The brighter outlook and more stable politics has meantime allowed the European Central Bank to take its first gradual steps towards exiting the extraordinary monetary stimulus in place since 2015.
With the recovery even gaining its own Twitter hashtag — #Euroboom” — this set of graphics highlights the turnaround.
Third quarter figures released last week showed the euro zone hit its fastest growth rate since 2011, when the euro-crisis escalated and dented growth. That run also puts it in the top third of fastest growing quarters the bloc has posted since the birth of the single currency in 1999. A report by ratings firm S&P Global suggests the recovery will remain broad-based.
SENTIMENT SURGE Investor and economic sentiment in the euro zone is close to record highs. Sentix’s index of investor morale is at its highest level in 10 years. The European Commission’s measure of economic sentiment for October hit its highest levels since the dot-com bubble in 2001, shrugging off jitters about an independence bid in the wealthy Spanish region of Catalonia.
Ratings agency Fitch’s outlook balance for the euro zone is at its highest since July 2005. The outlook balance is the difference between the total of the positive and negative outlooks on each country.
S&P Global unexpectedly lifted Italy’s sovereign rating last month, the first such rise for the country by the firm in at least three decades.
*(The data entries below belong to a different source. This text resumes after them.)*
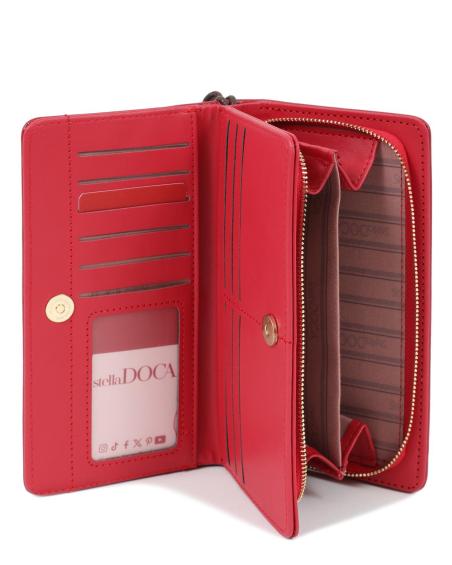 Πορτοφόλι DOCA σε κόκκινο χρώμα με διακοσμητικές λεπτομέρειες, ιδιαίτερη υφή και κλείσιμο με καπάκι. ΤΠΠ517000
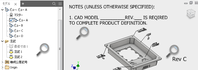 ヒント: Inventor 内では、3D モデルに追加したコメントは回転せず、常にアクティブなビューに対して垂直です。エクスポートされた PDF ファイル内の注記は、ビューと共に回転します。最良の結果を得るには、サンプルとして次のイメージを参照し、エクスポートする前に次の手順を実行します。
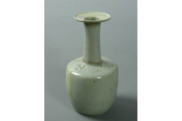 盘口,长颈,折肩,平底,器表满施天青釉,釉色滋润,底部有五个支钉痕。

In September, S&P became the first of the big three ratings agencies to lift Portugal back to investment grade.
The pan-European STOXX 600 index has risen to two-year highs as strong corporate earnings accompany the economic recovery. Overall 66 percent of companies in the MSCI Europe index have beaten or met earnings expectations for the third quarter of 2017, underpinning regional indexes’ gains.
A surging euro also reflects improved sentiment towards the currency bloc. The single currency is up almost 12 percent against the dollar this year, which puts it on track for its biggest annual rise since 2007.
The borrowing costs of those countries bailed out during the euro zone debt crisis continue to fall as investors regain confidence in the growth that reforms have produced. TIGHTER LABOUR MARKETS
Faster euro zone growth helped push unemployment to its lowest level in nine years in October, despite soft inflation. Wages also grew at their fastest rate in two years in the second quarter of 2017, an encouraging sign for the ECB looking to wind down monetary stimulus.
While still high, the number of non-performing loans in proportion to output in the euro area has halved since the peak of the crisis. Lending growth to both households and businesses is on the rise, with loans to households growing at their highest rate since June 2011.
Efforts to address weakness in Italy’s banking system have helped banking stocks in the country rise over 20 percent this year. The Bank of Italy said last month that insolvent loans held by Italian banks fell to a three-year low in August.